Well, with the `stage_2021-08-07` dump dataset, I don't think that tells us anything at all conclusive. Let's move on...

### 2. Fraction of trips we didn't need to put in To Label
This one is good because we don't need the users to have done anything, even install the app.

In [None]:
total_trip_n = {}
total_trip_n_after = {}
total_trip_n_unlabeled = {}
total_trip_n_after_unlabeled = {}
high_confidence_n = {}  # Trips with inferences so confident they don't need to go in To Label
high_confidence_n_after = {}
high_confidence_n_unlabeled = {}
high_confidence_n_after_unlabeled = {}
mid_confidence_n = {}  # Trips that need to go in To Label but have no red labels
high_confidence_frac = {}
mid_confidence_frac = {}

for u in server_filtered_users:
    ct_df = confirmed_trip_df_map[u]
    total_trip_n[u] = ct_df.shape[0]
    high_confidence_n[u] = 0
    mid_confidence_n[u] = 0
    
    total_trip_n_unlabeled[u] = ct_df[ct_df["user_input"].apply(len) == 0].shape[0]
    high_confidence_n_unlabeled[u] = 0
    
    if u in filtered_users:
        high_confidence_n_after[u] = 0
        high_confidence_n_after_unlabeled[u] = 0
        this_after_start = user_after_start[u]
        this_after_end = AFTER_END
        trips_after = filter_between(ct_df, "end_arrow", this_after_start, this_after_end)
        total_trip_n_after[u] = trips_after.shape[0]
        total_trip_n_after_unlabeled[u] = trips_after[trips_after["user_input"].apply(len) == 0].shape[0]
        ids = []
        for _, trip in trips_after.iterrows():
            ids.append(trip["_id"])
    
    for _, trip in ct_df.iterrows():
        inference = trip["inferred_labels"]
        # Here goes a quick and partial reimplementation of the on-the-fly (client-side) inference algorithm
        confidences = {}
        for label_type in LABEL_CATEGORIES:
            counter = {}
            for line in inference:
                if label_type not in line["labels"]: continue  # Seems we have some incomplete tuples!
                val = line["labels"][label_type]
                if val not in counter: counter[val] = 0
                counter[val] += line["p"]
            confidences[label_type] = sum(counter.values())
        trip_confidence = min(confidences.values())
        # if (trip_confidence >= 0.01 and trip_confidence <= 0.99): print(trip_confidence)
        if trip_confidence > HIGH_CONFIDENCE_THRESHOLD:
            high_confidence_n[u] += 1
            if u in filtered_users and trip["_id"] in ids:
                high_confidence_n_after[u] += 1
                if len(trip["user_input"]) == 0: high_confidence_n_after_unlabeled[u] += 1
            if len(trip["user_input"]) == 0: high_confidence_n_unlabeled[u] += 1
        if trip_confidence > LOW_CONFIDENCE_THRESHOLD:
            mid_confidence_n[u] += 1
    high_confidence_frac[u] = high_confidence_n[u] / total_trip_n[u]
    in_to_label = total_trip_n[u]-high_confidence_n[u]
    mid_confidence_frac[u] = (mid_confidence_n[u]-high_confidence_n[u]) / in_to_label if in_to_label != 0 else float("NaN")

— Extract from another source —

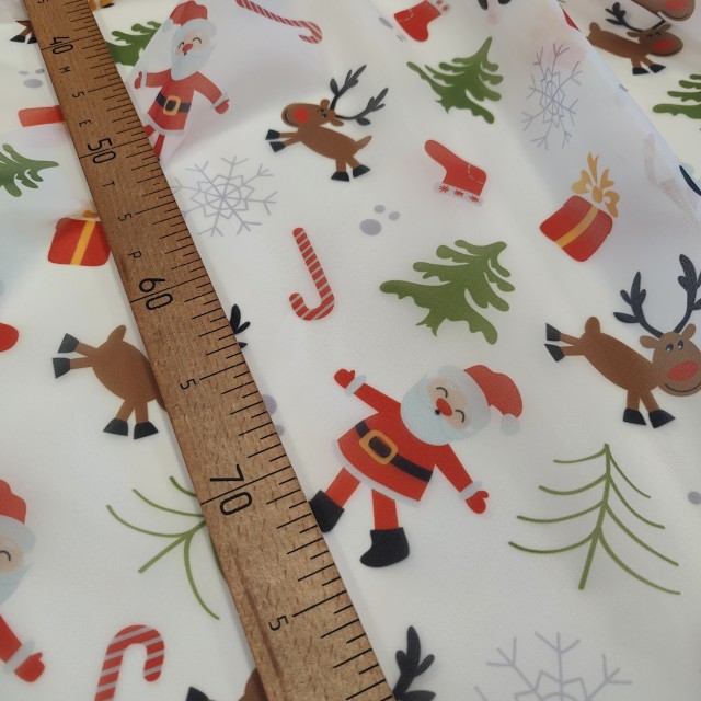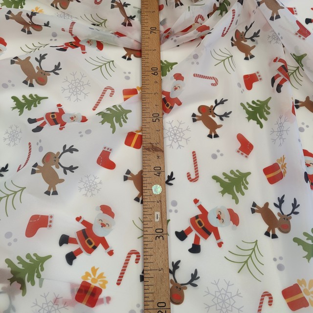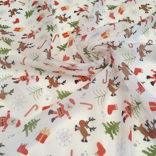 Ткань органза матовая Виола с классическим новогодним вариантом принта будет прекрасным вариантом для пошива нарядного платья.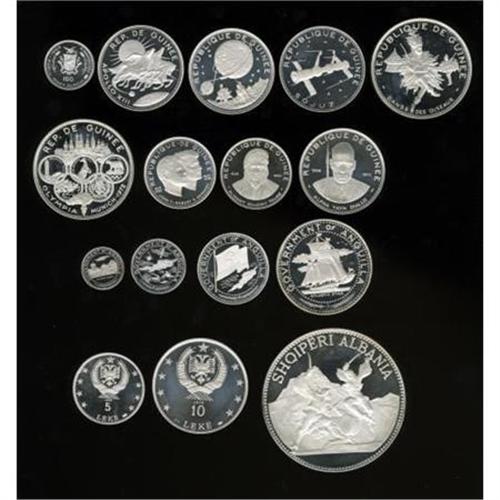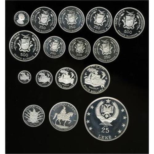 <B>Three 1970 Proof Sets,</B></I> Albania 3-piece Proof set 1970, KM-PS6; Anguilla 1970 4-piece Proof set, KM-PS5; and Republic of Guinea 9-piece Proof set 1969-1970. All are Choice with certificates, but without cases. <B>Sold as is, no return lot.</B></I><BR><BR><b>Shipping:</b> Coins & Currency (<a target="_blank" href="http://www.heritageauctions.com/common/shipping.php">view shipping information</a>)

for u in server_filtered_users:
    print(f"{high_confidence_frac[u]:.2%}")
print(f"Average percentage of trips users do not need to interact at all with: {sum(high_confidence_n.values())}/{sum(total_trip_n.values())}={sum(high_confidence_n.values())/sum(total_trip_n.values()):.2%}")
print("Considering only those in the \"after\" period:")
print_div_zero(lambda: f"Average percentage of trips users do not need to interact at all with: {sum(high_confidence_n_after.values())}/{sum(total_trip_n_after.values())}={sum(high_confidence_n_after.values())/sum(total_trip_n_after.values()):.2%}")
print("Considering all unlabeled:")
print(f"Average percentage of trips users do not need to interact at all with: {sum(high_confidence_n_unlabeled.values())}/{sum(total_trip_n_unlabeled.values())}={sum(high_confidence_n_unlabeled.values())/sum(total_trip_n_unlabeled.values()):.2%}")
print("Considering only those both unlabeled and in the \"after\" period:")
print_div_zero(lambda: f"Average percentage of trips users do not need to interact at all with: {sum(high_confidence_n_after_unlabeled.values())}/{sum(total_trip_n_after_unlabeled.values())}={sum(high_confidence_n_after_unlabeled.values())/sum(total_trip_n_after_unlabeled.values()):.2%}")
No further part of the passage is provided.